1.First of all, it does seem a funny question. What can a symbol  
require of a person? Nothing. What can receipt of a message which uses  
a symbol require of a person? Nothing. You can't require people to do  
thing by sending them things.

We can define a *protocol* in which people do do things, and we can  
demonstrate
that if people adhere to the protocol interesting results can be  
assured.  Then conformance with the protocol would require that one do  
something.

2. Bijan, you mention as an aside

> (Thus far we have no account of whether it's only using a URI
> "assertionally" or even "without scare quotes" that so commits. Given
> that RDF has neither non-assertional modes nor scare quotes, it may be
> moot. I am curious, however, about the status of URIs in literals!!!)


N3 extends RDF with quotation using {} as you know.  There is no direct  
commitment to
the ontology of  URIs used in quoted RDF.  The role of the nested RDF
  statements (formula) depend completely on the predicate they are used  
with.

{ ... }  a  log:Truth.
{ ... }  a :LoadOfOldCodswallop

A string which happens to be a valid URI occurring in an RDF statement  
is
not an occurrence of the URI as a symbol in the RDF statement.  This of
course allows one to reify quoted formulae.

3.  Ontology access not required

> TECHNICAL POINT
>
> This resolves to a simple technical point: Should an RDF
> processor/reasoner/agent import, to the best of its ability, pace
> network outages, cacheing, etc. "the" ontology of every URI it sees in
> a document?
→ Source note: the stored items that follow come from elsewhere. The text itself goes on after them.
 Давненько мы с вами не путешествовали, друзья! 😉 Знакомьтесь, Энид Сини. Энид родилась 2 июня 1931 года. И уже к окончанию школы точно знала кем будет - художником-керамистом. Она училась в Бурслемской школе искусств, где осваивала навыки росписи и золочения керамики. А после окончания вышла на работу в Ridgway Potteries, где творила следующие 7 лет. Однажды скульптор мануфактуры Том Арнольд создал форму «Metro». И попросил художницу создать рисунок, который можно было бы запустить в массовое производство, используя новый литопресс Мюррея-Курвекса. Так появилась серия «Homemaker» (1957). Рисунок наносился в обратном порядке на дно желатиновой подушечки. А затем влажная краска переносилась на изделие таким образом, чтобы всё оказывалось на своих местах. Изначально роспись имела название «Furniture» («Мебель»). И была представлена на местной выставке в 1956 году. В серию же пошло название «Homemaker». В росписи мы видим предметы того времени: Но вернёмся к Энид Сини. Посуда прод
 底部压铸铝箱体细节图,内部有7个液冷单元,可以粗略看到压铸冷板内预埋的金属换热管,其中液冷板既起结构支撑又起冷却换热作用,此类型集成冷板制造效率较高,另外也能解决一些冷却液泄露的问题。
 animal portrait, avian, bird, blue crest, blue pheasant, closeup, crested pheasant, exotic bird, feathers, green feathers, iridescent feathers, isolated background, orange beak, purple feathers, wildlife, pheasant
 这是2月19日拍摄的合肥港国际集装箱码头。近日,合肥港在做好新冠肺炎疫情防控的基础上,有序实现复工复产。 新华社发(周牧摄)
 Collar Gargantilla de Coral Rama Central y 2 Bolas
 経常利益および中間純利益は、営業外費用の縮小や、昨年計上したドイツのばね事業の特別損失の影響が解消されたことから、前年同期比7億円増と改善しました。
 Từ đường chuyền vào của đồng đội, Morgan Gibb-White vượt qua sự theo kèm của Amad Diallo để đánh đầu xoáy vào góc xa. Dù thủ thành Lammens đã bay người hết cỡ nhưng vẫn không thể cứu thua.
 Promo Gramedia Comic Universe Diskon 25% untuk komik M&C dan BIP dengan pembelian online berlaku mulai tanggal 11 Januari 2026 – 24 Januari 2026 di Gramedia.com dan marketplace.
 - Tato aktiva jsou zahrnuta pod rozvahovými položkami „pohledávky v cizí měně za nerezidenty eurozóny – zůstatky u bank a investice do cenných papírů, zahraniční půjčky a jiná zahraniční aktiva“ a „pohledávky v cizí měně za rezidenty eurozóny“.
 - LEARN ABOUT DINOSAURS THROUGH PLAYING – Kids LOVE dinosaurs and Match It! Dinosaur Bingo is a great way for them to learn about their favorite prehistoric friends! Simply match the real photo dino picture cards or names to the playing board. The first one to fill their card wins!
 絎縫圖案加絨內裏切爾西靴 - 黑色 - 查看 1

There *is software that made this assumption*. In our
> group, a student wrote an editor, RIC, that did exactly this. DanC and
> Tim, at the WWW BOF, I'm pretty sure, said that this was what you *had*
> to do.

Correction: I certainly don't remember saying that you *had* to, and I  
believe
I would have argued strongly against me, had I!

> DanC said, I believe, that all his software already did that.
>
> I'm not against software doing that. I'm against the spec requiring it.

Good.

cwm will operate in a number of modes with respect to looking
stuff up as a function of the URIs loaded into the knowledge base.

     cwm --closure=flags

where flags are a combination of
   p - look up predicates
   s - look up subjects
   o - look up objects
   t  - look up the object only where the predicate is rdf:type

An interesting mode is cwm --closure=pt.
Lets call this "ontological closure".
It is a reasonable thing to do, as it adds to the  KB the  
machine-readable
information which is assumed shared by the writer and reader of
a document.   If people do this a lot, then it useful to write  
documents whose
ontological closure is of a manageable size.  This is the case with any
real RDF files I've tried. It is what you might expect - people define
ontologies using ontologies but only to a limited level.

Contrast with   --closure=spo  which pulls in the whole contiguous
semantic web starting at the given document.  This is not practical.
This is interesting, as it highlights a difference between p and s  and  
o
not only in the spec but in the topology of the web.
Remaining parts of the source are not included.